*** Data

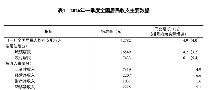 据统计局数据,2026年一季度城镇居民人均可支配收入16549元,扣除价格因素,实际增长3.2%;同期,农村居民人均可支配收入7433元,扣除价格因素,实际增长5.4%。
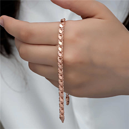 Silver Rose Sequined Chain Women's BraceletChain bracelets, the choice of women who want to look well-groomed in their daily lives, add elegance to even the simplest outfits. Sequined chain bracelets continue to impress with their elegance and chic. Chain bracelets, which can be used with any combination, from stylish to sporty, have a wide range of uses, allowing you to create your style freely. Rose coating is made on the silver sequined chain bracelet. Rose coating delays the tarnishing of the silver. As with all our silver models, the silver sequined chain bracelet model is produced entirely by hand. Due to silver and precious stones, there may be ± 10% deviation from the average product weight.Width: 0.50 mmBracelet Length: 19 cmAvg. Weight: 8.50 gr.
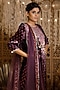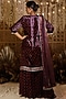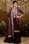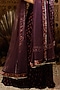 Featuring a purple kurta in chanel velvet base with floral print, mirror and resham thread embroidery including shell highlights. It is paired with matching georgette sharara pants and a net dupatta.
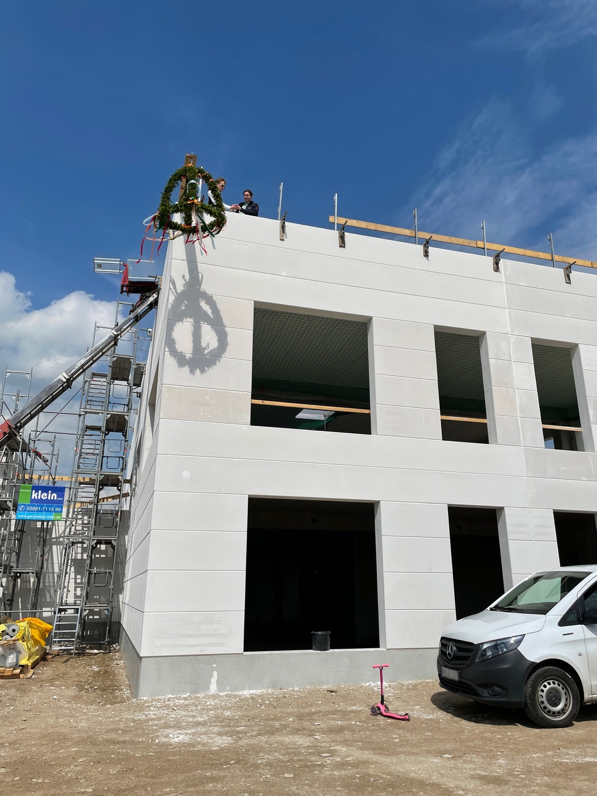 Die Bauarbeiten zu unserem Neubau in Schönberg erreichten am 11. Mai 2022 mit dem Richtfest einen weiteren Meilenstein auf dem Weg zur Fertigstellung.

******

- [Exercise description]
Output the material above exactly, without pictures.

- [Output for this exercise]
 据统计局数据,2026年一季度城镇居民人均可支配收入16549元,扣除价格因素,实际增长3.2%;同期,农村居民人均可支配收入7433元,扣除价格因素,实际增长5.4%。
 Silver Rose Sequined Chain Women's BraceletChain bracelets, the choice of women who want to look well-groomed in their daily lives, add elegance to even the simplest outfits. Sequined chain bracelets continue to impress with their elegance and chic. Chain bracelets, which can be used with any combination, from stylish to sporty, have a wide range of uses, allowing you to create your style freely. Rose coating is made on the silver sequined chain bracelet. Rose coating delays the tarnishing of the silver. As with all our silver models, the silver sequined chain bracelet model is produced entirely by hand. Due to silver and precious stones, there may be ± 10% deviation from the average product weight.Width: 0.50 mmBracelet Length: 19 cmAvg. Weight: 8.50 gr.
 Featuring a purple kurta in chanel velvet base with floral print, mirror and resham thread embroidery including shell highlights. It is paired with matching georgette sharara pants and a net dupatta.
 Die Bauarbeiten zu unserem Neubau in Schönberg erreichten am 11. Mai 2022 mit dem Richtfest einen weiteren Meilenstein auf dem Weg zur Fertigstellung.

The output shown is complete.